Related Article: Reclaiming the Promise of Personalization
Multi-Platform Journeys Complicate Digital Marketing
Christina Stevens, a data scientist at Intercom, said understanding multi-platform, complex customer journeys has been a challenge since the advent of digital marketing.
“Individuals are counted and targeted more often than intended due to individual browsers or devices being counted each as a separate user,” she said. “This challenge has grown significantly in recent years as the primary method of user identification — the cookie — is facing tightening restrictions.
”She explained that the concept of multi-platform customer journeys is fundamental to GA4, as the data model in Google’s new analytics is intended to combine audience insights from both web and app interactions.
In addition, the platform features user unification via both User ID and Google Signals.
“We are seeing GA4 become the primary indicator of conversion attribution via integrations with Google Ads, DV360, CM360 and SA360,” Stevens explained. “This means that Google Ads pixels and Floodlight tags will be steadily replaced by GA4 conversion signals. This is a fundamental shift.
”Until now, last click attribution has been the default model used in all Universal Analytics reports and the shift to DDA means that traditionally assisting channels will see a more representative portion of traffic and conversions attributed in GA4.
“Businesses can no longer rely on ill-gotten, third-party data … Intercom believes that first-party data, or information customers give you willingly in every interaction, is now essential to providing personal customer experiences — without compromising privacy,” she said.
“As part of this shift, we have rightly seen a growing focus on gathering user consent, however, the tightening of browser restrictions on cookies poses a significant shift to both reporting and targeting.”

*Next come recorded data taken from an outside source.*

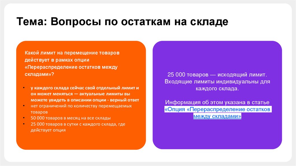 Тема: Вопросы по остаткам на складеКакой лимит на перемещение товаров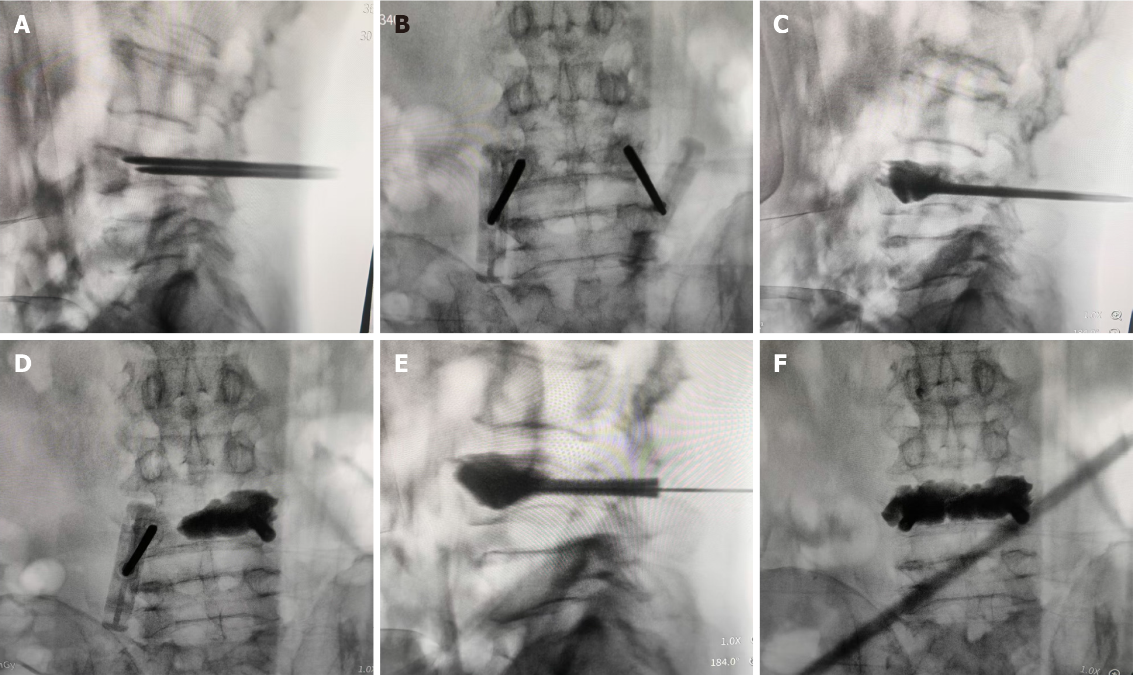 A and B: Percutaneous bilateral pedicle puncture; C: Intraoperative fluoroscopy-guided polymethyl methacrylate injection; D: Insertion of a headless cannulated compression screw into the vertebral body along the Kirschner wire; E and F: An identical procedure on the contralateral side (E) and assessment of the cement distribution and positioning of the internal fixation via fluoroscopic imaging (F).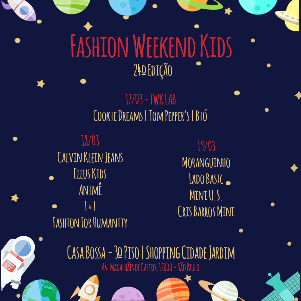Acontece nos dias 17, 18 e 19 de março a 24ª Edição do Fashion Weekend Kids, na Casa Bossa, no Shopping Cidade Jardim, em São Paulo, sob o comando do escritório Ana Cury Consultoria. Em um cenário lúdico que explora o conceito “Na Galáxia”, a passarela do evento será palco das principais novidades para o Inverno 2017 de consagradas marcas do mercado infantil.

Stevens said GA4 is addressing these privacy choices by introducing Consent Mode modeling — the modeling of user and conversion data of the opted-out cohort based on what is known from the opted-in cohort, and Google Signals — providing more accurate data based on users who are signed in to a Google account across browsers and devices.

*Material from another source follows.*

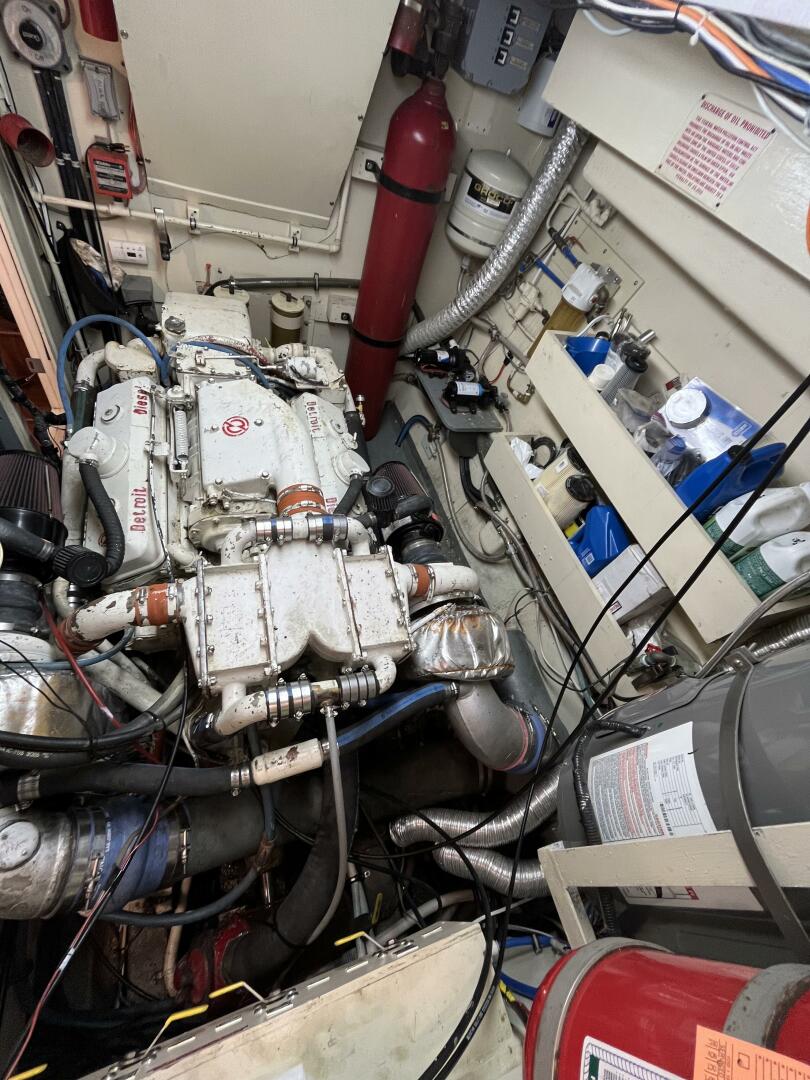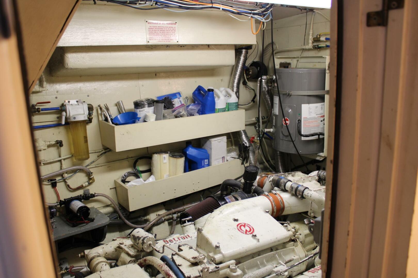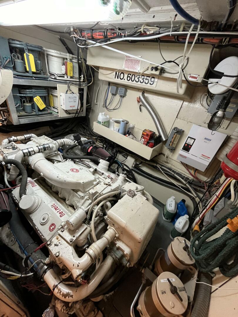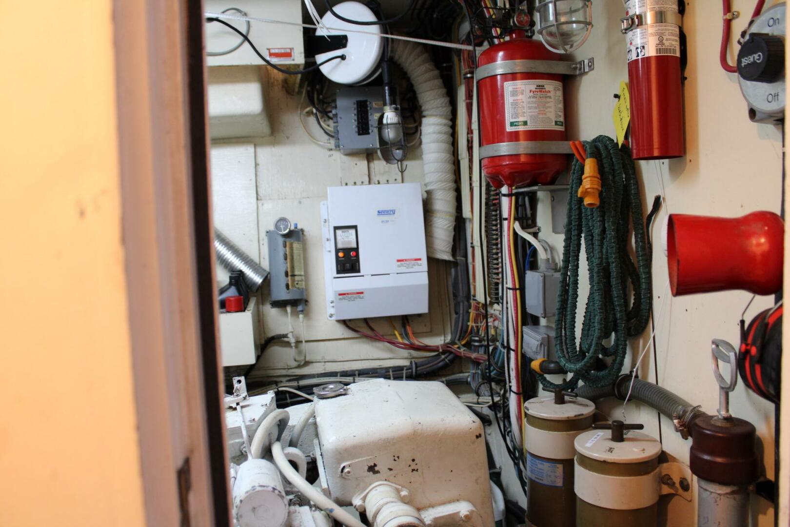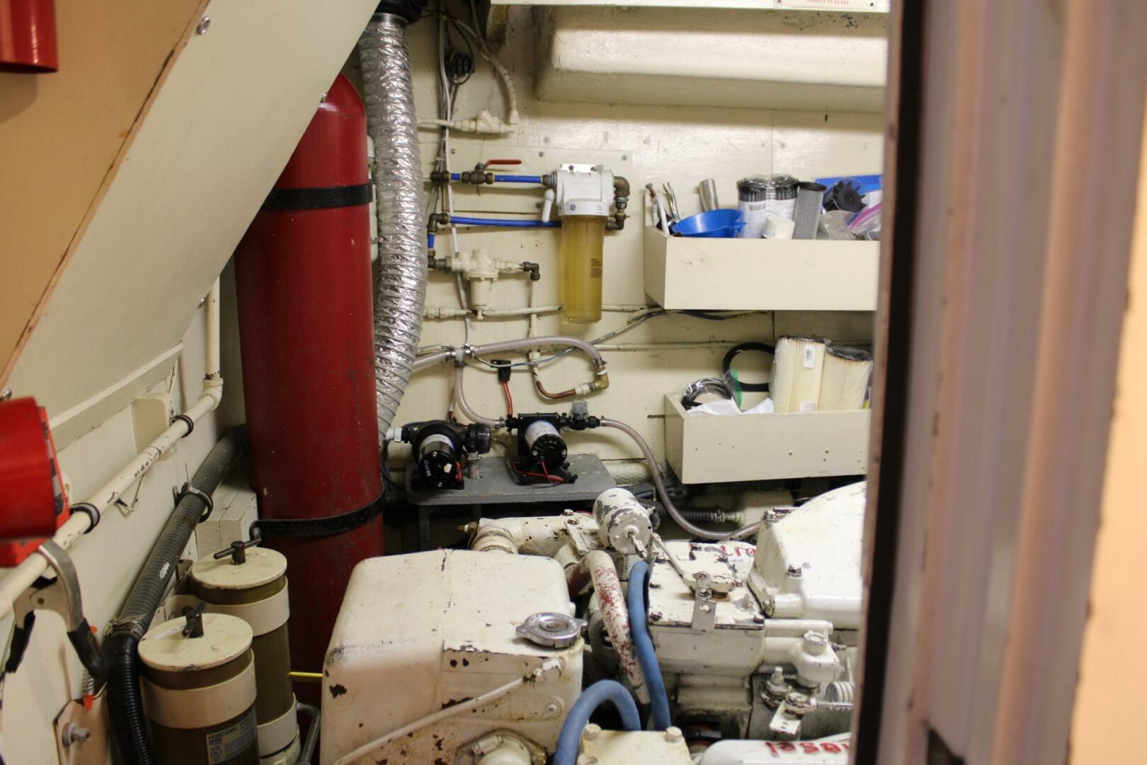 Moving aft of the galley are the two engine rooms. Port side includes the Detroit Diesel 8v71TI engine, Kidde carbon monoxide alarm, Kidde Mariner Fyre Watch suppression system, Sentry battery charger, four Cruisair reverse cycle a/c units. Starboard engine room has the Detroit Diesel 8v71TI engine, fire extinguisher, ProSafe FS60 FailSafe Galvanic Isolator, Groco pressure storage tank, Jabsco wash down, Pentair Shuffle Aqua King II, Rheem hot water heater, and Naiad stabilizer system.

Related Article: The 3 Key Components of a First-Party Data Strategy
Clock Is Ticking to Get GA4 Set Up
“UA going away is a big deal for almost every website owner, digital marketer and web analyst,” explained Mikael Ekelund, senior commerce advisor for Avensia. “It´s not a simple switchover because the data model in GA4 is completely different.”
He explained that instead of a session-based data model like Universal Analytics, GA4 is based on events and parameters. Everything in GA4 counts as an event, even pageviews.

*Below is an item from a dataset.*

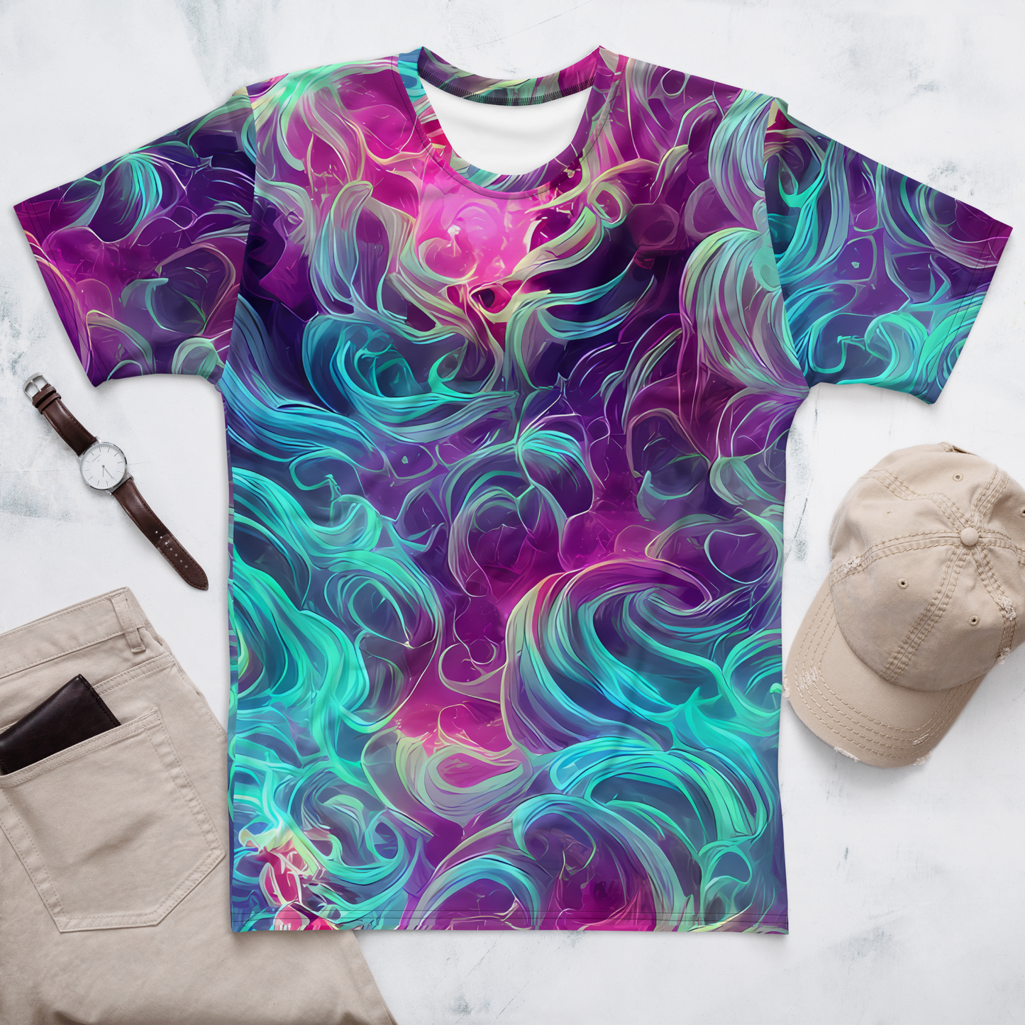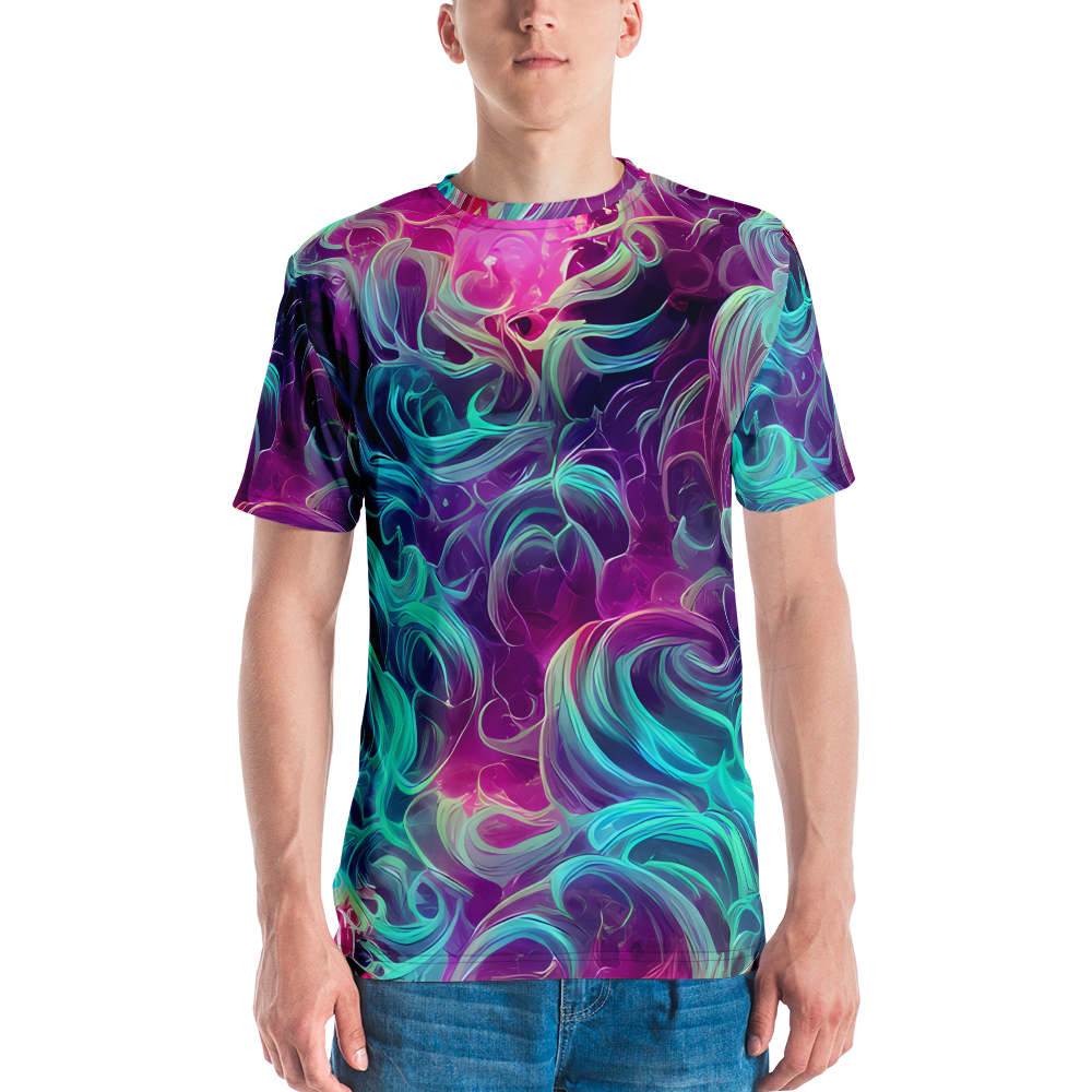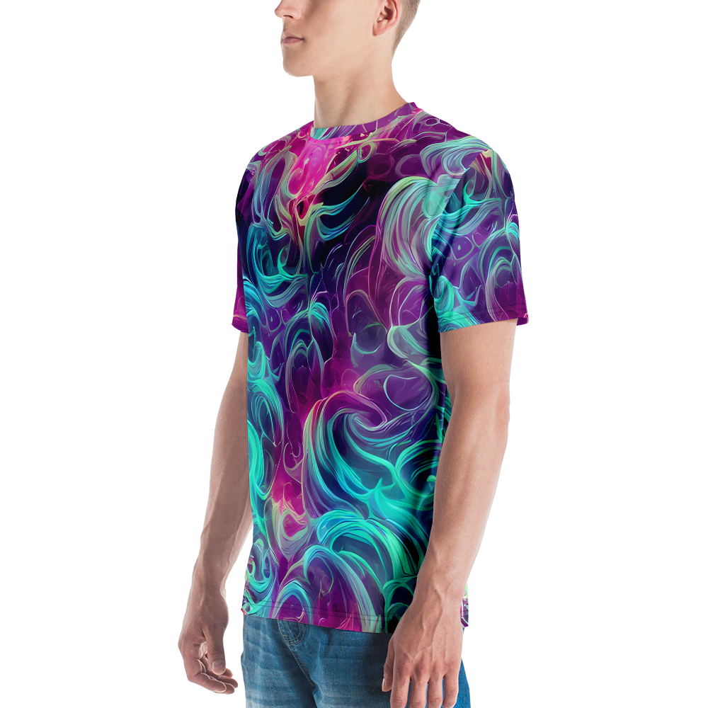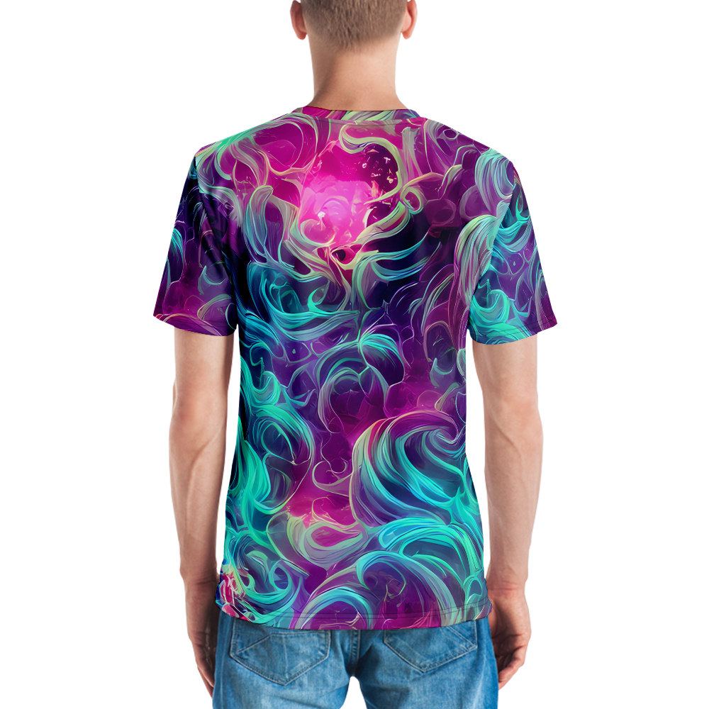 Step into a universe of style with our Men's Crew Neck T-Shirt, where the mystique of space meets the allure of a blooming garden. Swathed in a pattern that captivates with its interplay of cosmic nebulas and ethereal floral designs, this shirt is a celebration of color and creativity. The lush pinks, blues, and purples of the design create a texture that is as soft as petals and as infinite as the night sky. Perfect for those who carry an artistic soul, this tee is your ticket to standing out at any festival or creative gathering.

“A good analytics implementation might take several weeks, and even months, to plan and implement,” Ekelund said. “On top of that, you need time to make sure you are tracking data correctly in GA4 and can build all of the reports you need.”
He also pointed out that if you want to have year-over-year data available to report on, you have just about three months to get a GA4 set-up ready.
“If you haven’t already been running GA4 side by side with Universal Analytics, now is the time to set it up,” said Ekelund.